[GIVEN DATA]:
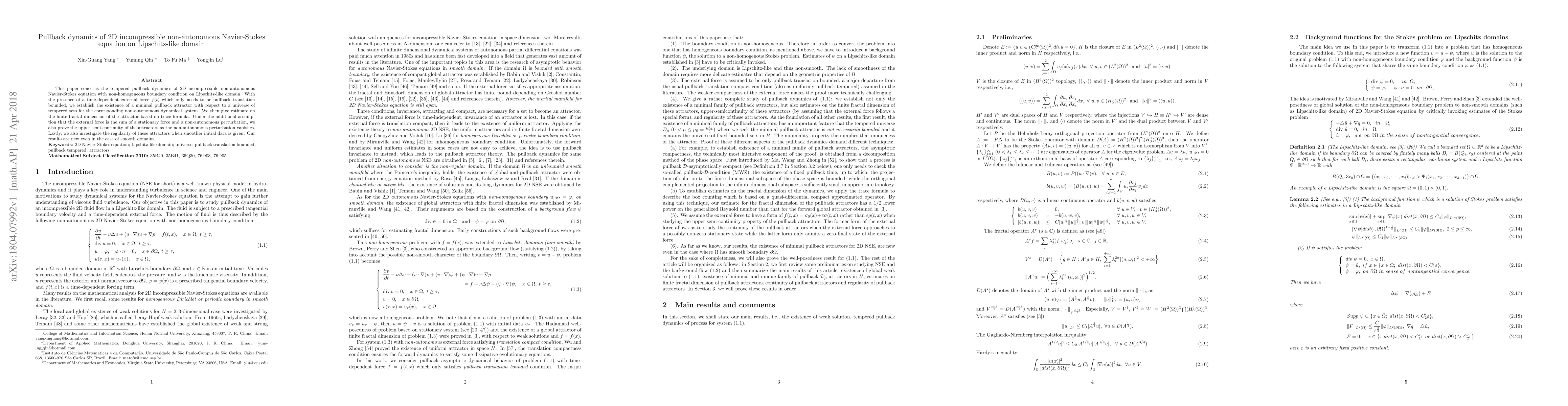 This paper concerns the tempered pullback dynamics of 2D incompressible non-autonomous Navier-Stokes equation with non-homogeneous boundary condition on Lipschitz-like domain. With the presence of a time-dependent external force f(t) which only needs to be pullback translation bounded, we establish the existence of a minimal pullback attractor with respect to a universe of tempered sets for the corresponding non-autonomous dynamical system. We then give estimate on the finite fractal dimension of the attractor based on trace formula. Under the additional assumption that the external force is the sum of a stationary force and a non-autonomous perturbation, we also prove the upper semi-continuity of the attractors as the non-autonomous perturbation vanishes. Lastly, we also investigate the regularity of these attractors when smoother initial data is given. Our results are new even in the case of smooth domains.
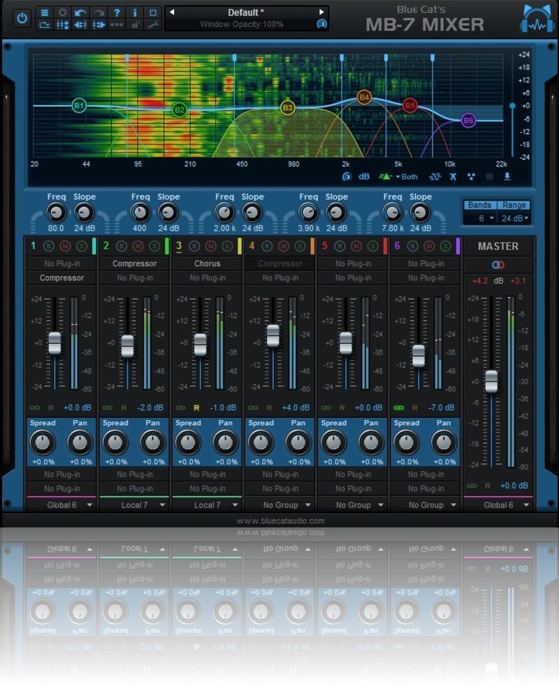 - Multiband mixing console: adjust the levels, panning and "stereoness" of each band separately.
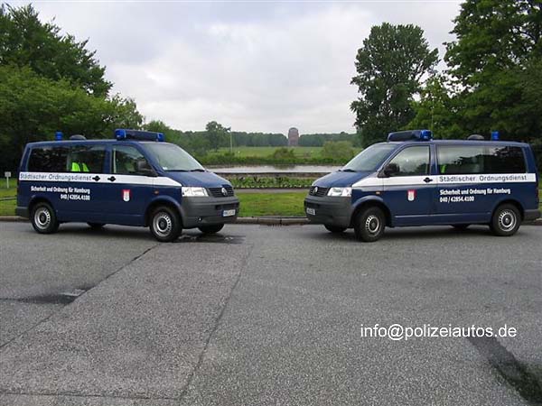 Die VW Transporter T5 des Bezirklichen Ordnungsdienstes der Freien und Hansestadt Hamburg.
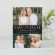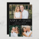 Elegant, multi-photo save the date featuring "Save the Date" displayed in white lettering with a black background. Personalise the modern QR save the date card with 3 of your favourite photos, your names, wedding date, and wedding location. The black and white save the date reverses to display your custom QR code with wedding website and custom text.
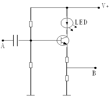 圖6.1(b)所示的是一個簡單的模擬信號直接調(diào)制電路。當(dāng)信號從A點輸入后,晶體管放大器集電極電流就跟隨模擬量而變,亦即發(fā)光電二極管LED的注入電流跟隨模擬信號變化,于是LED的輸出光功率就跟隨模擬量變化,這樣實現(xiàn)了對光源的直接調(diào)制。從放大器工作原理上看,這個晶體管應(yīng)該工作在甲類,在B點可進行監(jiān)測。
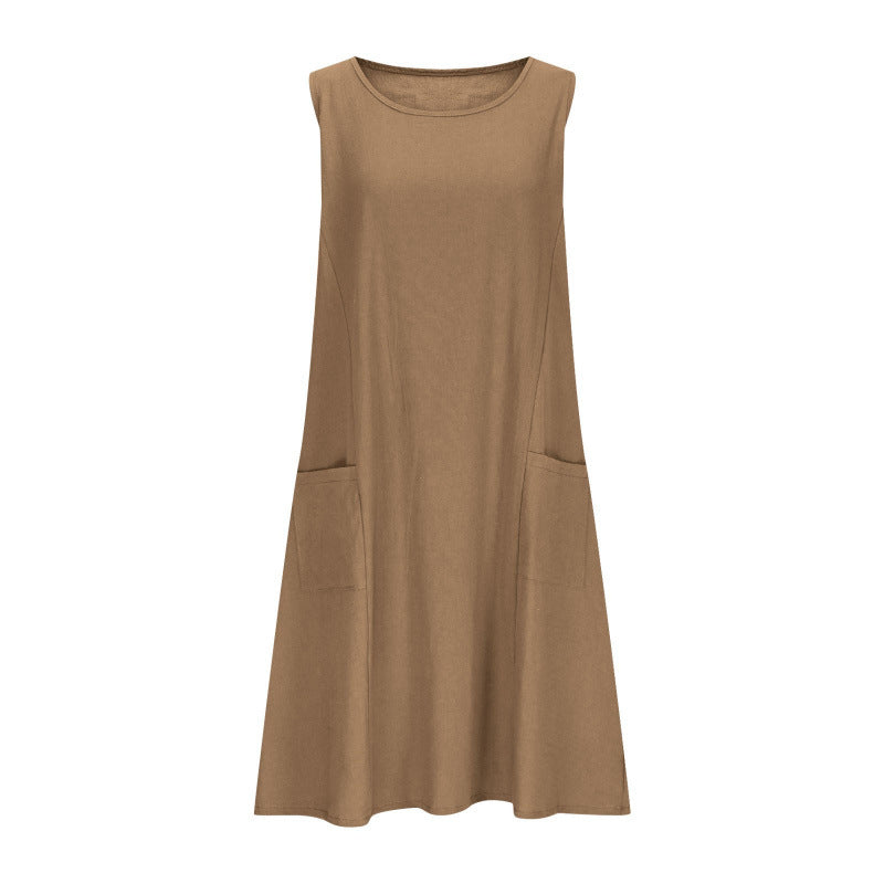 Vi præsenterer det bedste inden for afslappet mode, A-linje ærmeløs fritidskjole fra Stilla. Designet til komfort og lethed, tilbyder denne kjole en flatterende A-linje silhuet, der smukt falder over kroppen og gør den perfekt til enhver afslappet lejlighed eller til at slappe af derhjemme.
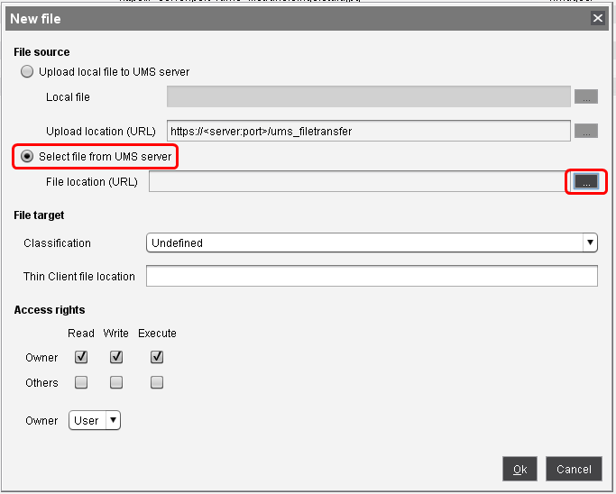 Im Dialog Neue Datei wählen Sie Datei vom Server UMS auswählen und klicken auf
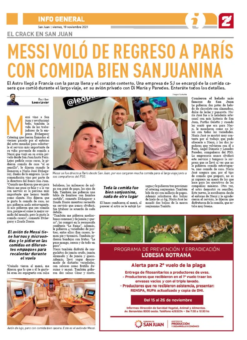 Ese día Messi no se volvió con toda la selección para Buenos Aires. Sino que junto a sus compañeros del PSG, volvió a Paris en su avión privado. En ese viaje comieron comida sanjuanina y este hecho marcó a los trabajadores la empresa Etchegaray Catering que les prestaron servicio. En ese momento, Zonda Diario contó la historia.
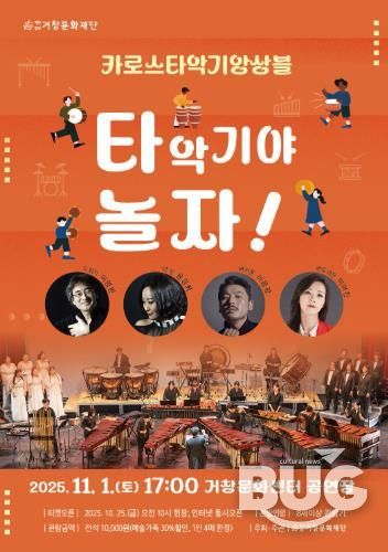 부울경문화뉴스 관리자 기자 | (재)거창문화재단은 오는 11월 1일 토요일 오후 5시 거창문화센터 공연장에서 카로스 타악기 앙상블과 함께하는'타악기야 놀자!'를 개최한다.
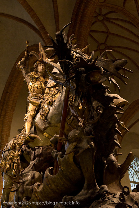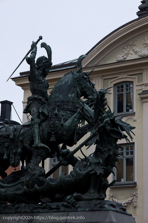 坂道が交わるKöpmantorgetという小さな広場に、セントジョージとドランゴンの像があった。
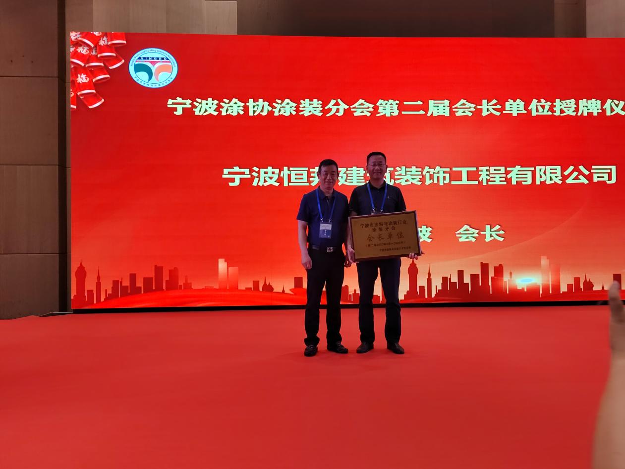 汪立波會(huì)長(zhǎng)為當(dāng)選寧波市涂料與涂裝行業(yè)協(xié)會(huì)涂裝分會(huì)第二屆會(huì)長(zhǎng)單位及會(huì)長(zhǎng)——寧波恒邦建筑裝飾工程有限公司李世良總經(jīng)理授牌。
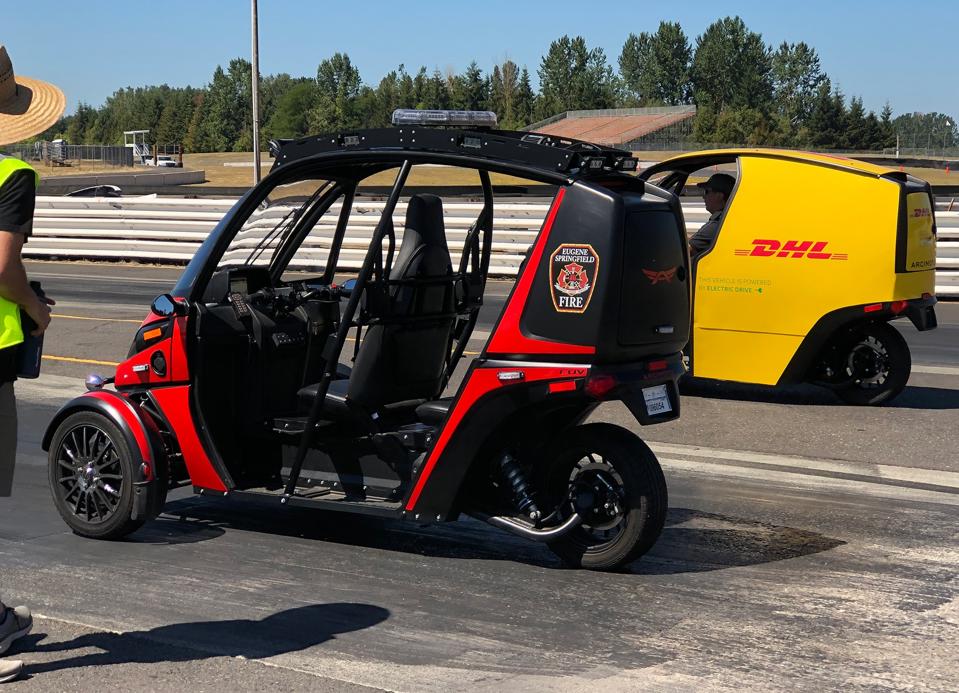 As expected, it was fun. The name stuck. But Frohnmayer’s vision for the FUV goes far beyond it just being a fun, unusual toy, and when I see vehicles like the FUV or the ElectraMechannica SOLO, what I really wanted to know is: Once in final form, how do they work as real-world vehicles, in traffic, running errands, in the rain, and of course, having fun. The U in FUV is for Utility, after all, and Arcimoto does produce a single-seat delivery version of the FUV, as well as specialized versions for first responders. There is also now a sporty Roadster version without the roll cage, and perhaps a leaning version at some point in the future after a recent acquisition.
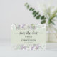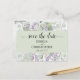 Det här vackra vykortet är designat för att ge dina vänner och familj ett förvarning om ditt kommande bröllop. Det har en vacker rustik vattenfärgdesign med spetsig, kalligrafisk text som lyder "spara datumet" samt parets namn och bröllopsdatum på en ljus, grönaktig ram omgiven av en mängd eucalyptusblad och lavendelkvistar. Baksidan har en söt "skriv in oss med blyerts"-grafik samt plats för en webbplats och annan information.
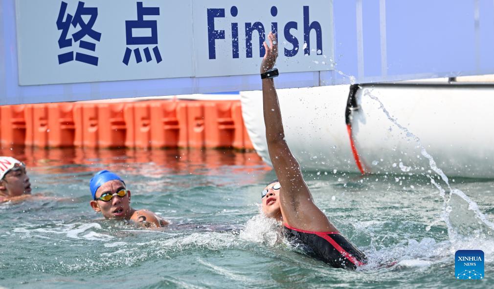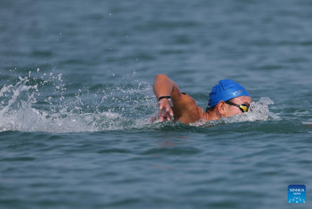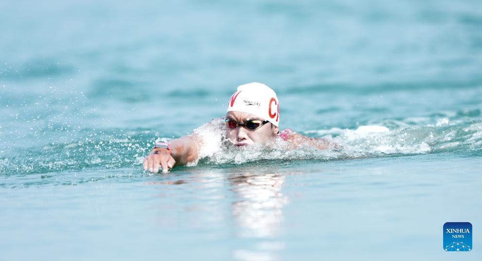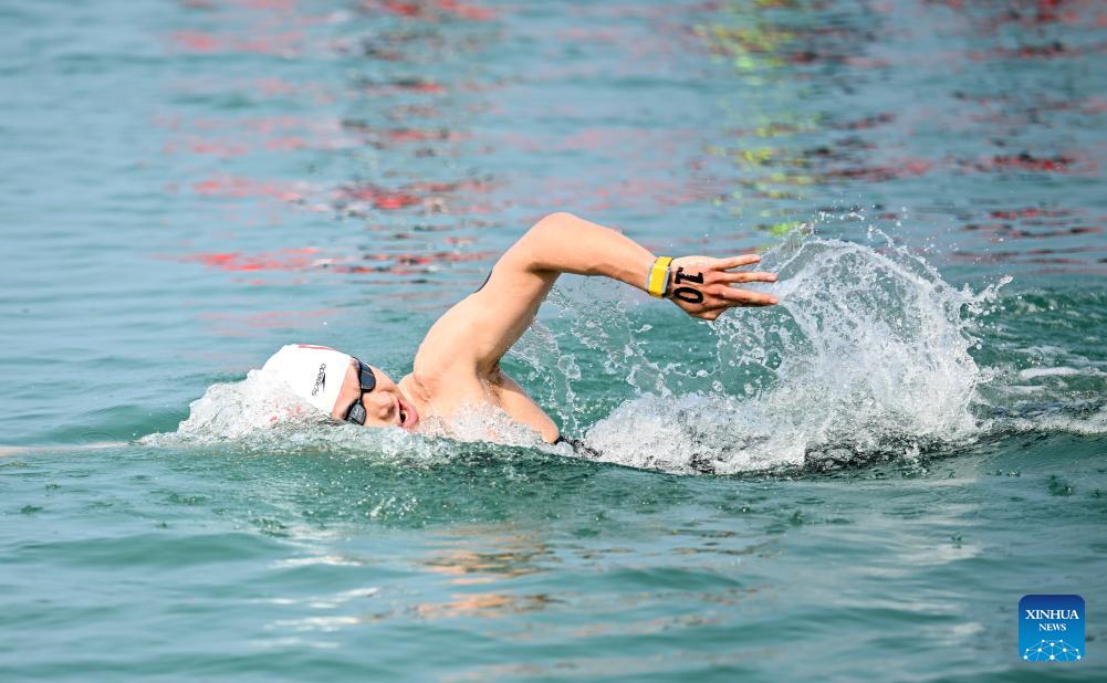 Zhang Ziyang of China competes during the open water swimming men's 5km at the 6th Asian Beach Games in Sanya, south China's Hainan Province, April 26, 2026. (Xinhua/Bei He)

[ACTIVITY]: In the records above, find the line with "Elegant, multi-photo save" and the line with "圖6.1(b)所示的是一個簡"; please transcribe exactly those two lines and all lines between them, omitting any picture.

[EXERCISE OUTPUT]:
 Elegant, multi-photo save the date featuring "Save the Date" displayed in white lettering with a black background. Personalise the modern QR save the date card with 3 of your favourite photos, your names, wedding date, and wedding location. The black and white save the date reverses to display your custom QR code with wedding website and custom text.
 圖6.1(b)所示的是一個簡單的模擬信號直接調(diào)制電路。當(dāng)信號從A點輸入后,晶體管放大器集電極電流就跟隨模擬量而變,亦即發(fā)光電二極管LED的注入電流跟隨模擬信號變化,于是LED的輸出光功率就跟隨模擬量變化,這樣實現(xiàn)了對光源的直接調(diào)制。從放大器工作原理上看,這個晶體管應(yīng)該工作在甲類,在B點可進行監(jiān)測。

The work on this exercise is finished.